Thursday, 31 May 2007

[Tips.002] Ask you builder not to fasten/fix the skirting boards if you are installing timber floors latter

Everyone likes to have timber floors in her/his new house. Problem is, project home builders charged a lot for that. So far, we haven't seen many owners installing timber floor with the builder. Most of them just leave the floor as it is, and then install timber/carpet or other floor coverings after hand-over, and that's what we planned to do as well. After a few discussions with some new home owners, we found a common problem - the skirting board.

Project home builders always fasten/nailed the skirting board and have it painted before the hand-over. Unfortunately when the flooring people tried to install the timber floors, the skirting boards need to come off, otherwise the edges under the wall won't be covered properly. And yes, that could easily damage your brand new wall - also don't forget that it's every single wall surrounding the area you are installing timber floors!

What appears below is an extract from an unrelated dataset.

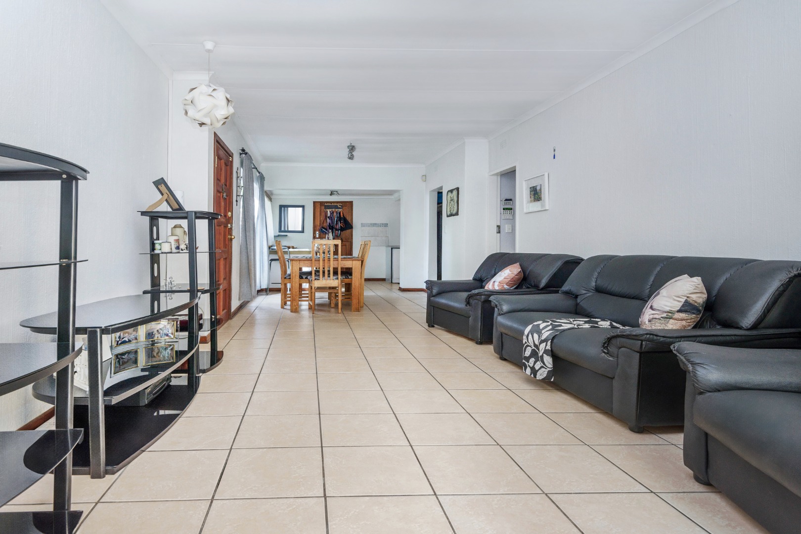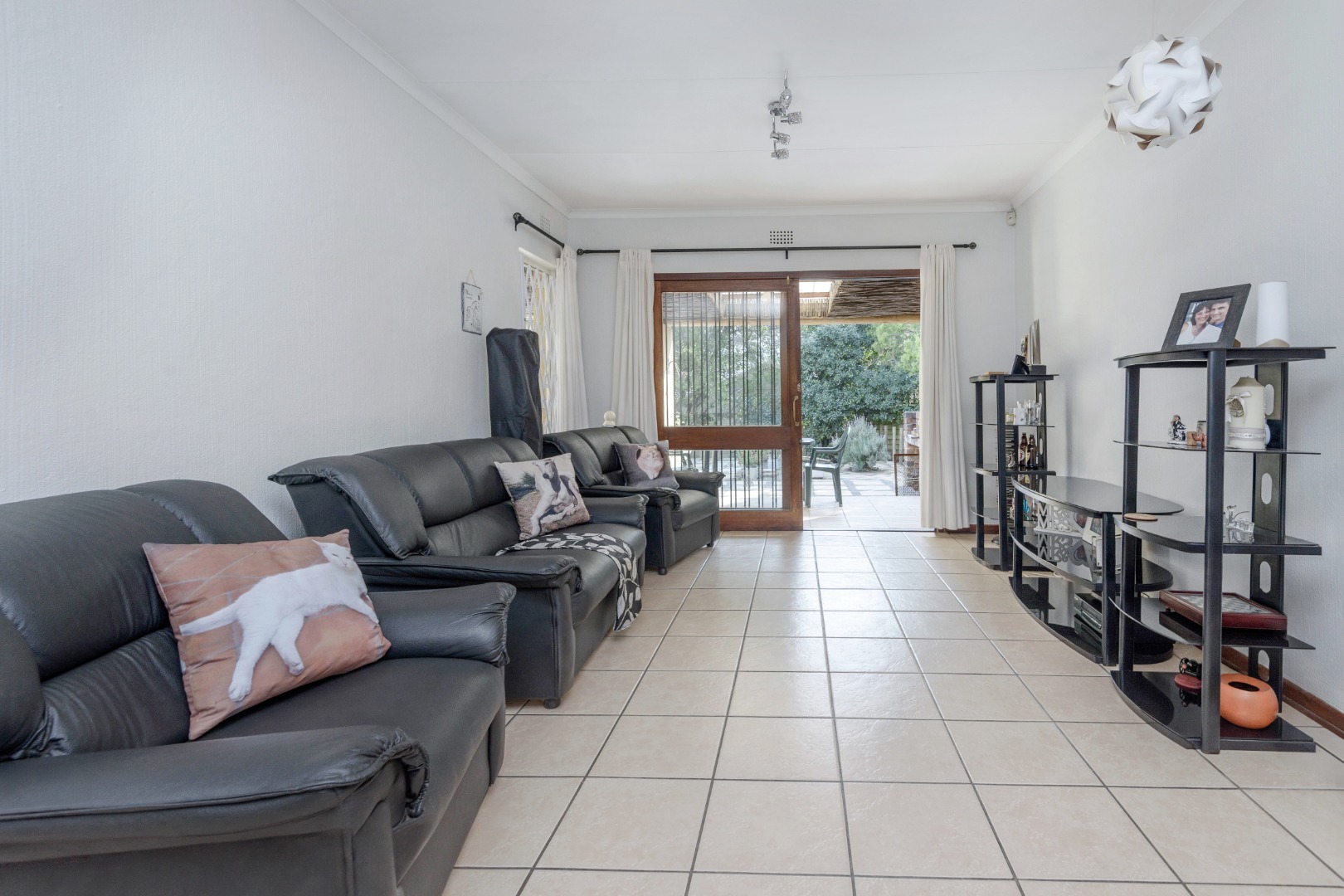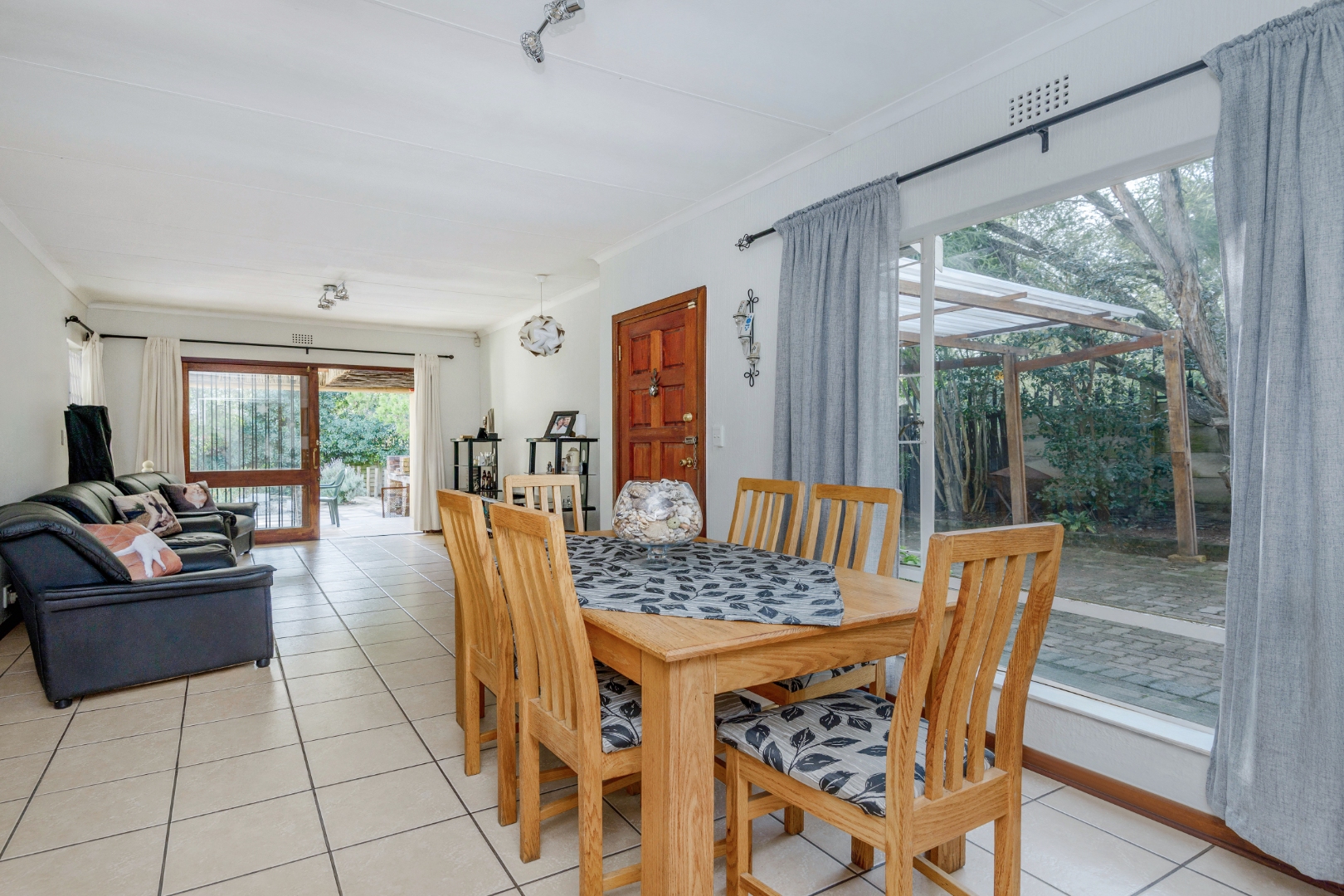 The interior comprises three well-proportioned bedrooms and two bathrooms, including one en-suite, ensuring privacy and convenience. The living spaces are thoughtfully designed with a dedicated lounge, a dining room perfect for entertaining, and a functional kitchen. Sliding doors lead to a welcoming patio, extending the living area outdoors and providing an ideal spot for relaxation.

Yes, there's another option - to install an extra edging in front of the skirting boards. Well, you then get an extra layer under every surrounding wall. Personally, I don't think that looks good, but it's one possible solution.

We also tried to ask the builder to leave the walls as it is and don't install any skirting board in the whole house. Guess how much credit for that? Less than $350! Yes I am not joking. They charge you arms and legs for any variation, and only give you peanuts if you ask for any credit. That's how these project home builders make money...

Finally, the last option is the recommended one: ask the builder not to fasten/fix the skirting boards. Just use a few nails to "tack" it (tacked skirting). Unfortunately not many builders are willing to do that. Domaine, Clarendon, Bellmarch all said no. Our builder has no problem with that, but even though we have been talking about this since day 1, we made a big mistake - we didn't get it written into the tender!! When we latter discovered this, they want to charge us $400 for that. We fought very hard for it, but as all drawings are done and approved, colour selection also almost done, we can't do much about that.

This is another lesson we learned - try to get everything covered and negotiate the price with the sales at the beginning. When it comes to the colour selection or latter stage, you are already hooked and lost most of your bargain power. The sales are more willing to negotiate as they are trying to get your business.